About this exercise: With the pictures omitted, repeat exactly the lines below starting with the line that has "Затем замесите тесто" and going on through the line that has "1、先进入页面,稍作等待加载".

** Opening Given data block **

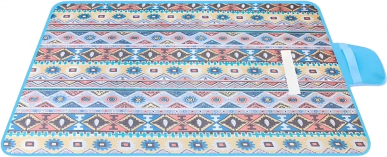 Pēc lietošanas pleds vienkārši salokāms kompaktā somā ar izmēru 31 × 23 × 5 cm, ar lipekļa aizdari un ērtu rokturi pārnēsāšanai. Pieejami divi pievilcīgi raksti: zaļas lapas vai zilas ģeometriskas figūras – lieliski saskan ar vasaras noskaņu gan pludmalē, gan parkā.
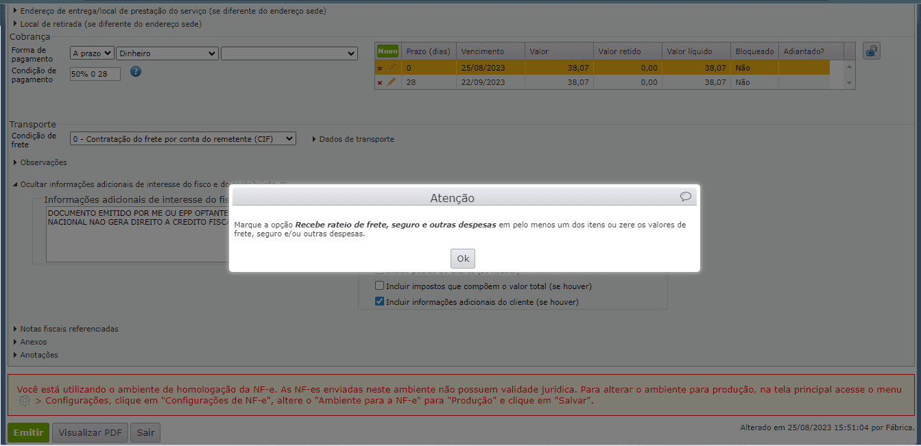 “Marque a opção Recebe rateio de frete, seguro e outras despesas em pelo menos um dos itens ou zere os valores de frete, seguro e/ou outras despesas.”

** Closing Given data block **
** Opening Given data block **

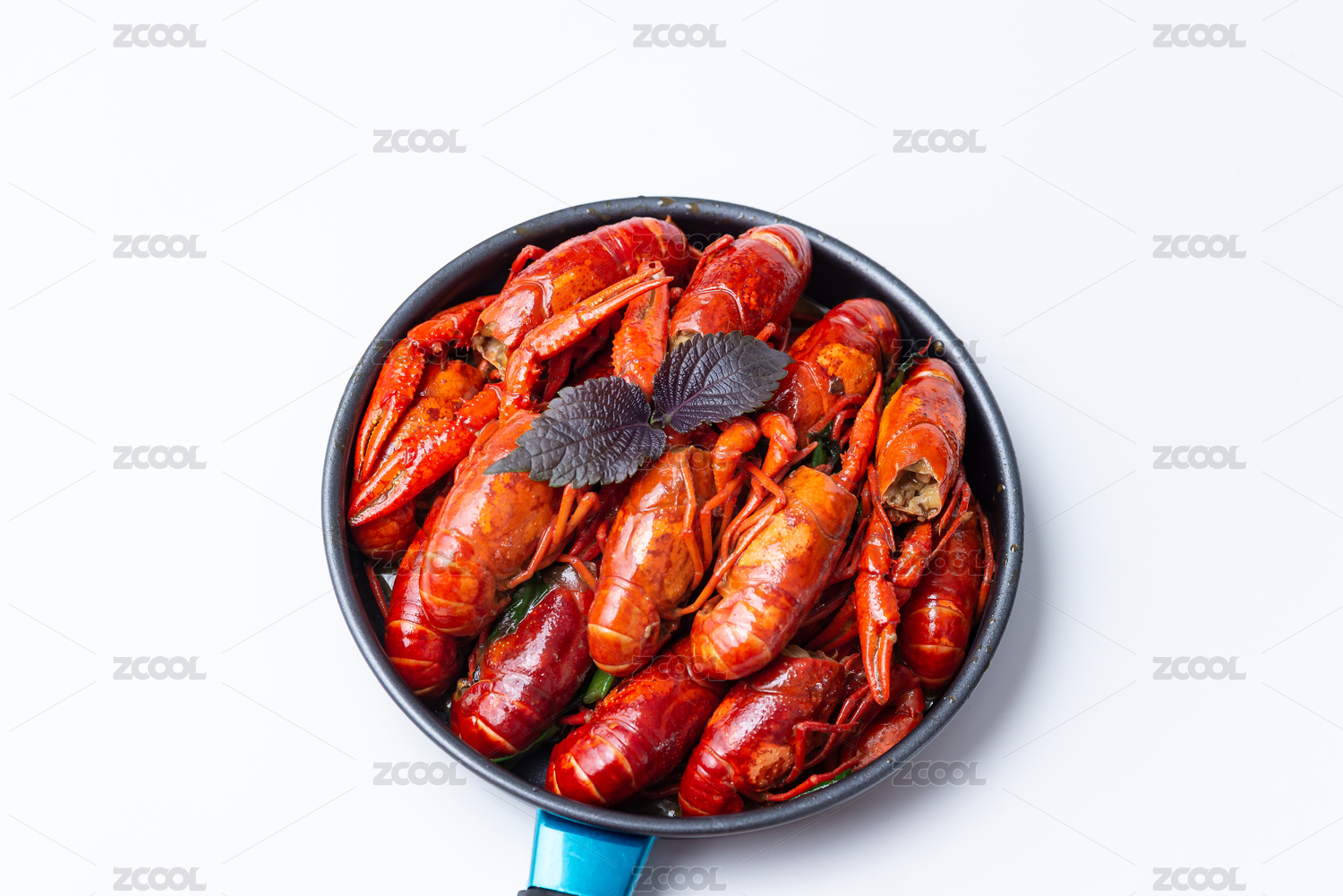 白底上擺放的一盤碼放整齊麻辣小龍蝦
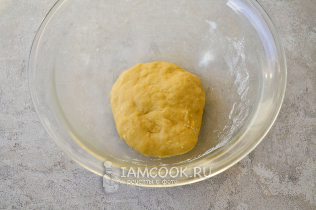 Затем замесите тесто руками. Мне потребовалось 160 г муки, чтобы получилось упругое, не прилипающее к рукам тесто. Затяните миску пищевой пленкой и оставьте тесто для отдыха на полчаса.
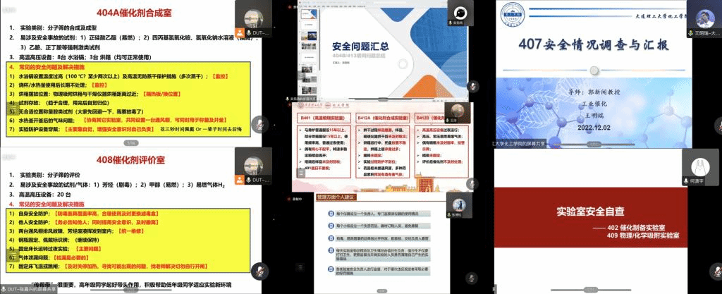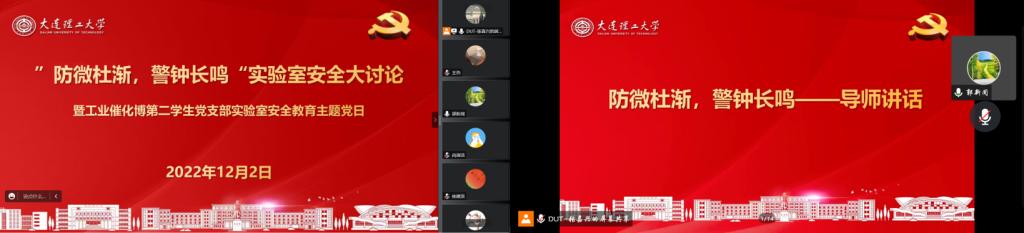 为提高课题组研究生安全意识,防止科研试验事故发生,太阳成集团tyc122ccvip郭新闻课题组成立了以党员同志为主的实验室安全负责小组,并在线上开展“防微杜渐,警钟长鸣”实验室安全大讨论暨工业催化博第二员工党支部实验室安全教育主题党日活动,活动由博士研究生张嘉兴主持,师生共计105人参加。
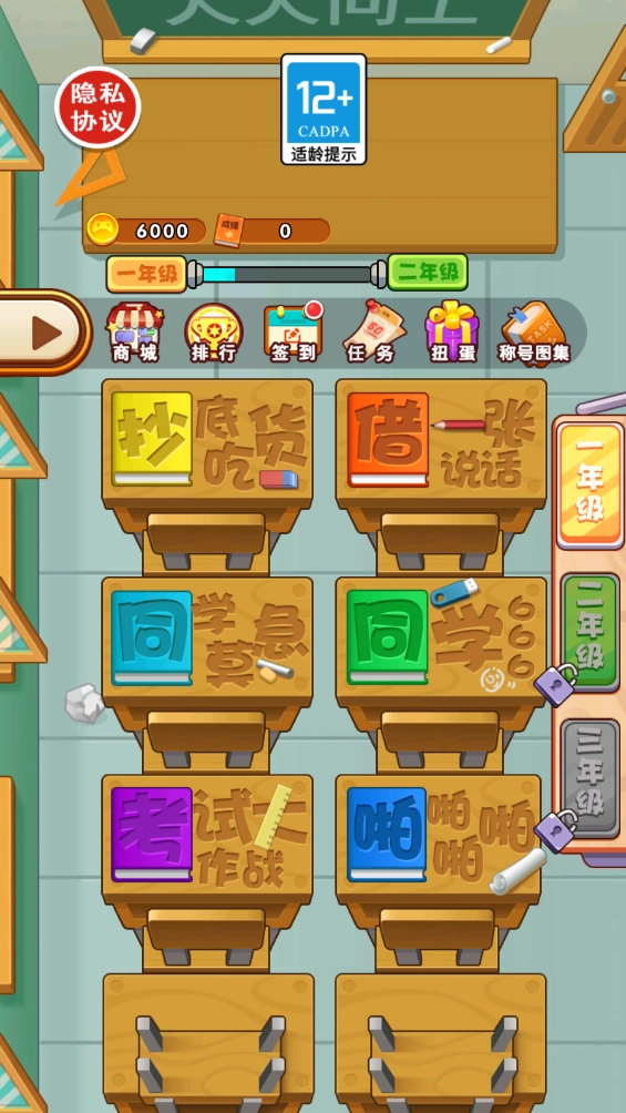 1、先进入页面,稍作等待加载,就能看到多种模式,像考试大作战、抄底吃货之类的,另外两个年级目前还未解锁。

** Closing Given data block **
** Opening Given data block **

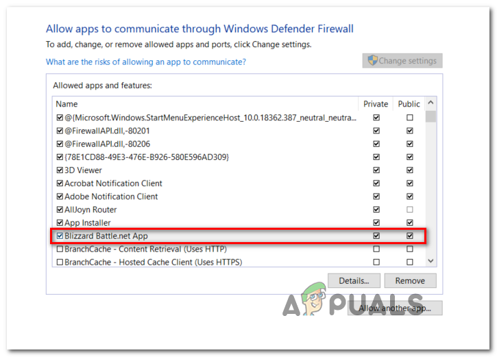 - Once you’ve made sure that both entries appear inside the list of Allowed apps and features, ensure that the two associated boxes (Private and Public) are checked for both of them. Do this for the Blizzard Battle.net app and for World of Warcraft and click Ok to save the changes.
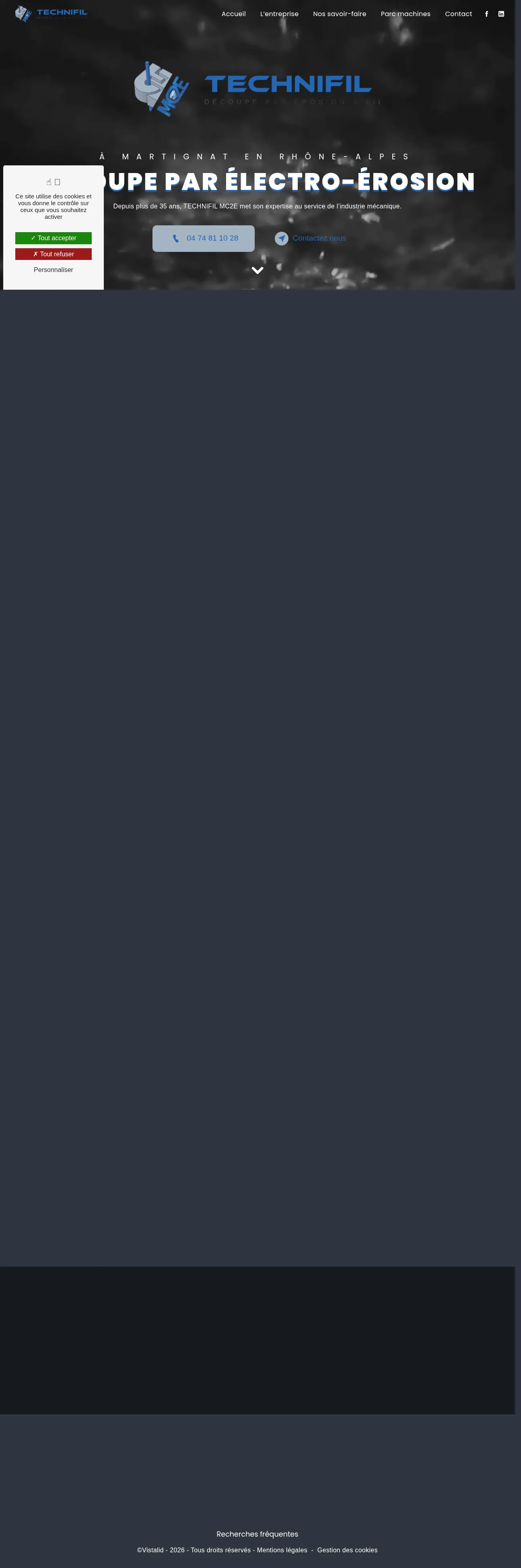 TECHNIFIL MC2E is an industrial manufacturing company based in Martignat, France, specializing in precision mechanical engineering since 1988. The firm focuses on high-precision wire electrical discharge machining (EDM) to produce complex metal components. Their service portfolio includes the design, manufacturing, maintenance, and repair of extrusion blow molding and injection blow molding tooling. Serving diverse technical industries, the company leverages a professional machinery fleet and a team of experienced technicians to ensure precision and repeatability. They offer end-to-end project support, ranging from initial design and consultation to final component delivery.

** Closing Given data block **

Your response:
 Затем замесите тесто руками. Мне потребовалось 160 г муки, чтобы получилось упругое, не прилипающее к рукам тесто. Затяните миску пищевой пленкой и оставьте тесто для отдыха на полчаса.
 为提高课题组研究生安全意识,防止科研试验事故发生,太阳成集团tyc122ccvip郭新闻课题组成立了以党员同志为主的实验室安全负责小组,并在线上开展“防微杜渐,警钟长鸣”实验室安全大讨论暨工业催化博第二员工党支部实验室安全教育主题党日活动,活动由博士研究生张嘉兴主持,师生共计105人参加。
 1、先进入页面,稍作等待加载,就能看到多种模式,像考试大作战、抄底吃货之类的,另外两个年级目前还未解锁。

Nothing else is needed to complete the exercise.